| THE PROBLEM |
With pictures left out, copy exactly every line from the one containing "Общая площадь 73 м2" through the end of the material.

| RAW DATA |
↓

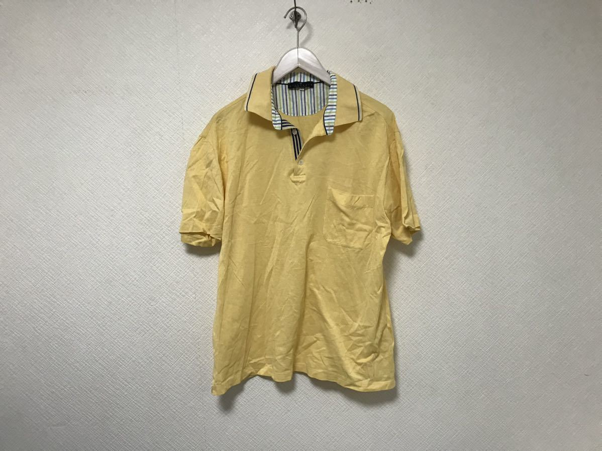 > 本物ミレニオMILLENNIOコットン半袖ポロシャツメンズアメカジサーフミリタリービジネススーツゴルフLイエローイタリア製
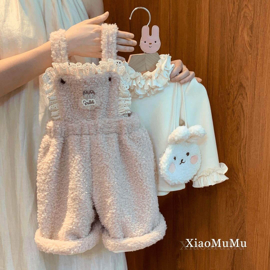 【本日限定】女の子秋冬セット2026新作インナーシャツ+毛糸サスペンダーパンツ2点セット
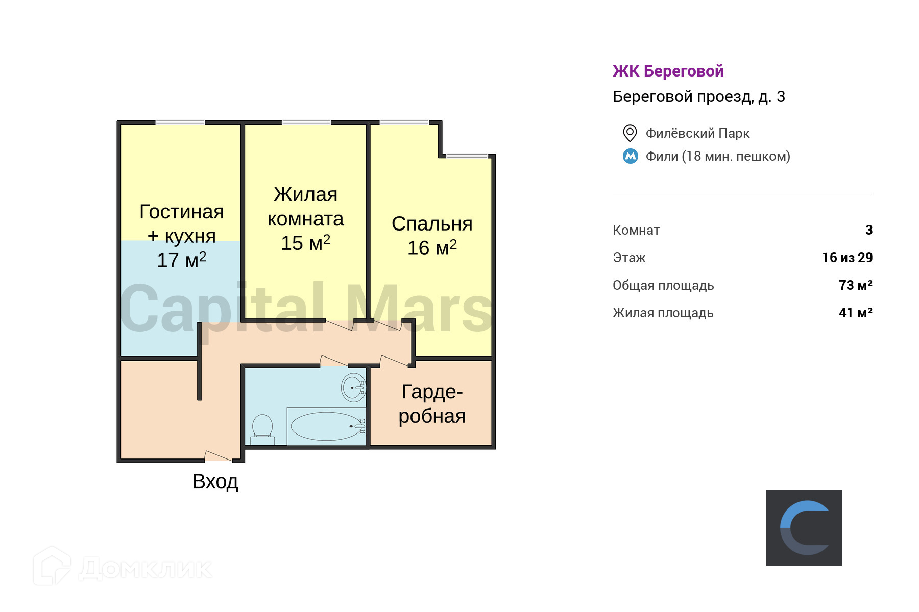Общая площадь 73 м2
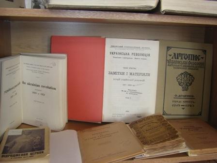 Левову частку виставлених книг становлять спогади та розвідки, написані суспільно-політичними, військовими, культурними та релігійними діячами Української революції 1917–1921 рр. – В. Андрієвським, С. Ґольдельманом, Д. Донцовим, М. Капустянським, В. Кедровським, Є. Коновальцем, В. Липківським, І. Мазепою, Ю. Тютюнником, П. Скоропадським, П. Христюком та ін.

↑

| EXERCISE ANSWER |
Общая площадь 73 м2
 Левову частку виставлених книг становлять спогади та розвідки, написані суспільно-політичними, військовими, культурними та релігійними діячами Української революції 1917–1921 рр. – В. Андрієвським, С. Ґольдельманом, Д. Донцовим, М. Капустянським, В. Кедровським, Є. Коновальцем, В. Липківським, І. Мазепою, Ю. Тютюнником, П. Скоропадським, П. Христюком та ін.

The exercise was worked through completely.